Features at a Glance

	Feature	What it does
🖥️	Local inference	Run GGUF models on your own hardware — Vulkan, ROCm, CUDA, or CPU via llama.cpp
☁️	Vast.ai rental	One-click GPU rental: pick a tier (4090 → 8×H100) → recipe → geo → launch
⚡	vLLM serving	Tensor-parallel serving for 1T+ MoE models across multi-GPU clusters
🤝	Together AI	Connect 229+ managed models, hot-swap providers mid-session
🔀	Unified proxy	`localhost:8888` routes to whichever provider is active — swap backends, not code
📊	Usage tracking	Per-provider cost logging (JSONL), session totals, rate-limit monitoring
🔍	Batch compare	Send the same prompt to multiple providers, see results & metrics side-by-side
🧙	Launch wizard	Guided flow: GPU tier → model recipe → geo preference → offer → spin up
✏️	Recipe editor	TUI-based editor for recipes, GPU tiers, and docker images — no manual TOML editing
🔧	Deep diagnostics	SSH probes, download speed checks, stall detection & automatic recovery

Quick Start

1. Install

# From PyPI (when published) or from source:
git clone https://github.com/buckster123/LocalRouter.git
cd LocalRouter
pip install -e .

# Now you have the `localrouter` command globally

2. Pick your mode

🖥️ Local mode — no API keys, no cloud, just your GPU

Point recipes at your GGUF models and go:

# Prerequisites: compiled llama.cpp + GGUF models in ~/models/
localrouter                    # TUI → Local → Launch → pick recipe

The TUI auto-discovers:

llama-server binaries from PATH or ~/llama.cpp/build*/bin/
GGUF files in ~/models/ (configurable)
Available backends (Vulkan, ROCm/HIP, CUDA, CPU)
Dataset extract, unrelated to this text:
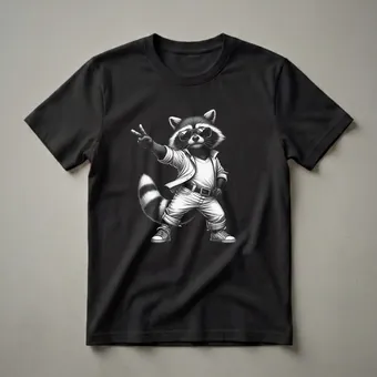 Raccoons, known for their masked faces and dexterous paws, are often seen as mischievous urban dwellers, foraging for food in a variety of environments. This striking graphic tee captures a different side of the raccoon, portraying it as a cool, dancing character ready to party. The black and white illustration features a raccoon sporting stylish sunglasses, a casual button-down shirt unbuttoned over a t-shirt, and a pair of jeans with a belt. It strikes a confident pose, holding up two fingers in a peace sign, exuding a playful and energetic vibe. This shirt is a fantastic choice for anyone who appreciates a good laugh and unique animal humor. It makes a thoughtful gift for friends or family members who have a quirky sense of style or a fondness for these clever creatures. Whether you're heading to a casual get-together, a game night, or just want to add some personality to your everyday wear, this raccoon tee is sure to turn heads and spark conversations. It’s a go-to tee for those who don't take themselves too seriously and enjoy expressing their fun-loving spirit through their clothing. Embrace the playful spirit of this dancing raccoon and let your personality shine.

☁️ Vast.ai GGUF mode — rent a GPU, get an endpoint

pip install vastai              # one-time
vastai set api-key <your-key>   # from console.vast.ai
localrouter                     # TUI → Launch → Vast GGUF

The wizard walks you through: GPU tier → model → geo → offer → launch. Use Watch to follow boot progress, Tunnel to forward locally.
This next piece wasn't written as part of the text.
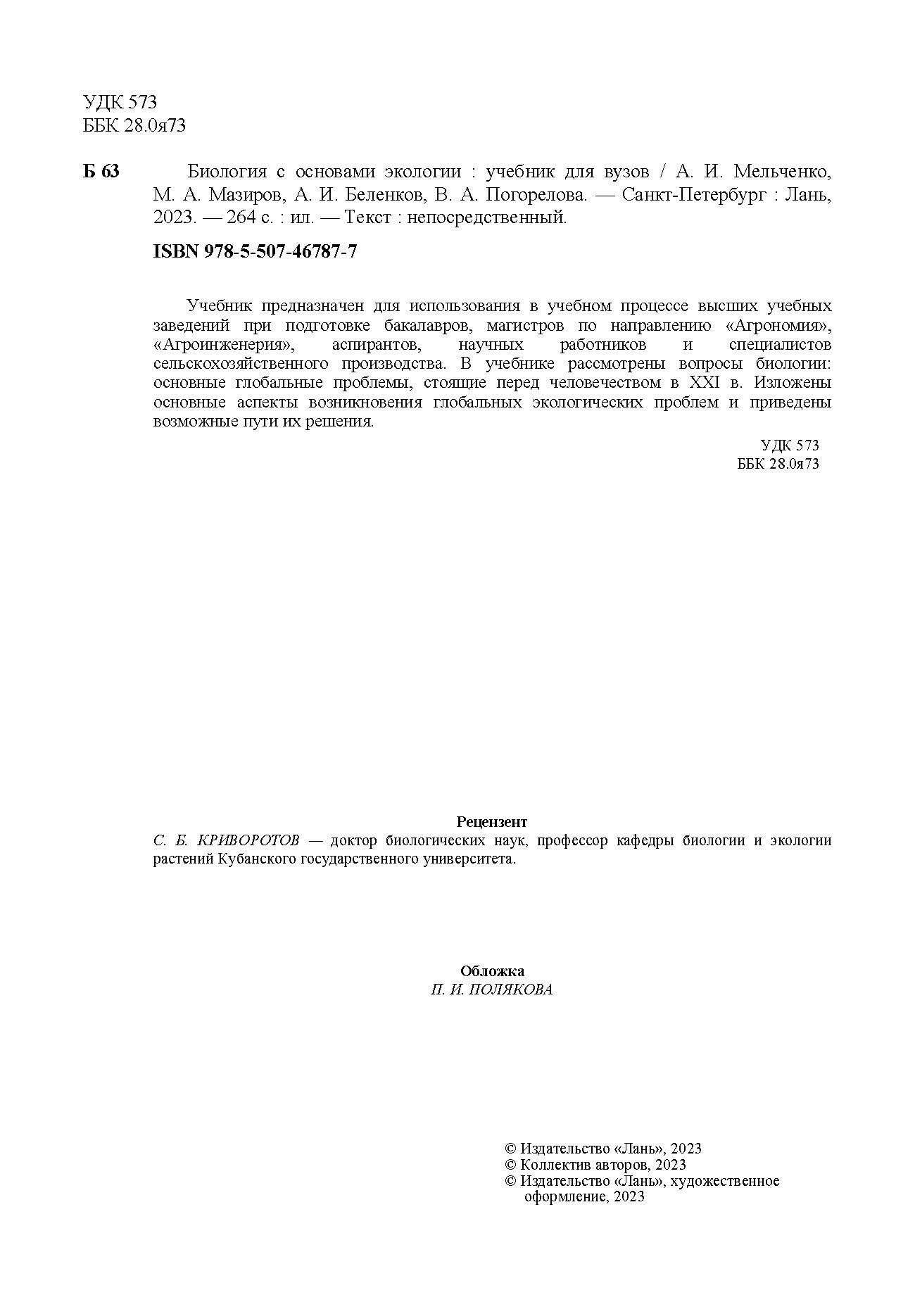 Биология с основами экологии (Беленков Алексей Иванович, Мазиров Михаил Арнольдович, Мельченко Александр Иванович); Лань, 2023

⚡ vLLM mode — tensor-parallel for massive MoE models

For models too large for llama.cpp — like DeepSeek V4 Pro (1.6T params) across 4-8 GPUs:

localrouter                     # TUI → Launch → pick a vLLM recipe

vLLM recipes auto-configure tensor parallelism, FlashInfer attention, FP8 KV cache, and chunked prefill. The launch script detects GPU count and sets everything up.

Pre-configured for DeepSeek V4 Pro and Flash on H100, H200, B200, and A100 clusters.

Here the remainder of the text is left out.